R: Sim, existe potencial de interação. O Cilopa acarreta um risco de Síndrome Serotoninérgica quando utilizado com certos analgésicos opioides que podem ser usados durante uma cirurgia, como o fentanilo ou o tramadol. Adicionalmente, existe um risco aumentado de hemorragia quando tomado em conjunto com outros medicamentos que afetam a coagulação do sangue.

P: Como é que o mecanismo do Cilopa se compara ao de fármacos como a aspirina no que toca às plaquetas?

R: O Cilopa pode aumentar o risco de hemorragia ao interferir com a função das plaquetas, que são células essenciais para a coagulação. O medicamento faz isto ao bloquear a recaptação de serotonina nas plaquetas. Este mecanismo é independente da forma como os fármacos antiagregantes plaquetários tradicionais, como a aspirina, funcionam.

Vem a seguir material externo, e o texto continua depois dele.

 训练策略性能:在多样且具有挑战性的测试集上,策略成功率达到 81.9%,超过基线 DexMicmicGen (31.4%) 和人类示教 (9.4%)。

P: Sabe-se se o Cilopa causa reações cutâneas ou erupções na pele?

R: Sim, as informações oficiais de segurança relatam que são possíveis reações cutâneas. Especificamente, reações como a urticária (erupções cutâneas ou pápulas) estão listadas como um efeito secundário pouco frequente.

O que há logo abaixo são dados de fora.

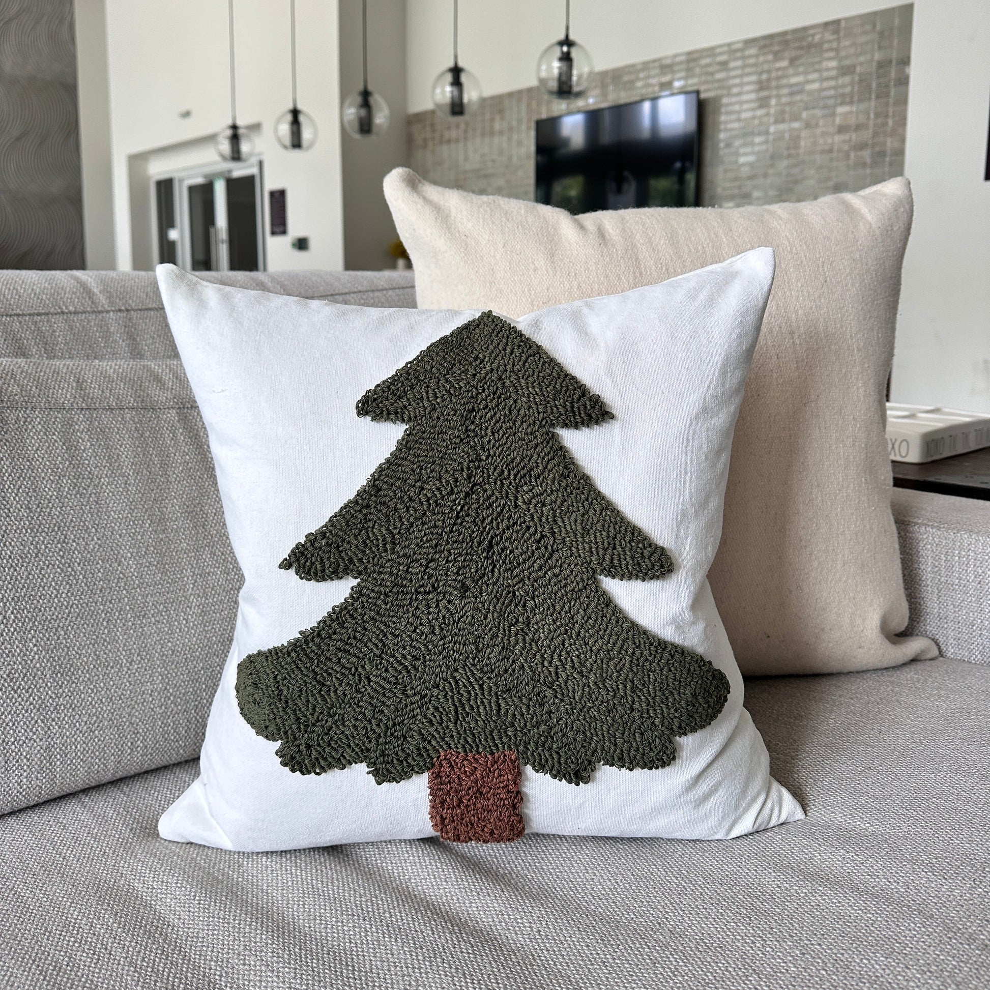 Add a cozy, handcrafted touch to your holiday home with our Forest Green Tufted Christmas Tree Pillow Cover. Designed on a white canvas base, this festive piece features a richly textured tufted tree in deep forest green with a brown trunk. A hidden zipper keeps the look clean and modern, perfect for layering on your sofa, bed, or entryway bench all season long.

P: O Cilopa é mais eficaz quando tomado com ou sem alimentos?

R: As informações oficiais do produto confirmam que o Cilopa pode ser tomado uma vez por dia, com ou sem alimentos. Tomá-lo com alimentos não altera a forma como o fármaco é absorvido pelo organismo.

P: O que devo saber sobre tomar Cilopa se tiver um historial de úlceras pépticas?

R: Uma vez que o Cilopa está associado a um risco aumentado de hemorragias anormais, incluindo hemorragias gastrointestinais, é aconselhada precaução. Devido a este risco de hemorragia, recomenda-se cuidado especial em indivíduos com historial de condições como úlceras pépticas.

Como Cilopa deve ser armazenado e descartado?

Como Conservar e Eliminar Cilopa

A rotulagem oficial do Cilopa (Escitalopram) dita rigorosamente como o medicamento deve ser conservado e eliminado para manter a sua estabilidade e garantir a segurança.

Requisito Declaração Regulatória Oficial
Temperatura de Conservação: Conservar a Temperatura Ambiente Controlada, definida entre 20°C e 25°C (68°F a 77°F).
Recipiente e Proteção: O medicamento deve ser mantido na sua embalagem original, com a tampa bem fechada, e guardado longe do calor excessivo, humidade e luz.
Segurança Infantil: O medicamento deve ser mantido fora da vista e do alcance das crianças.
Método de Eliminação: O produto não deve ser deitado na sanita. O medicamento não utilizado ou fora do prazo de validade deve ser eliminado através de um programa de recolha de medicamentos ou misturando-o com uma substância indesejável antes de ser colocado no lixo doméstico.

Estas regulamentações de conservação e eliminação garantem que o produto permaneça estável até à sua data de validade e seja depois descartado de uma forma que proteja a segurança pública e ambiental.

Atenção! Sempre consulte um médico ou farmacêutico antes de usar pílulas ou medicamentos.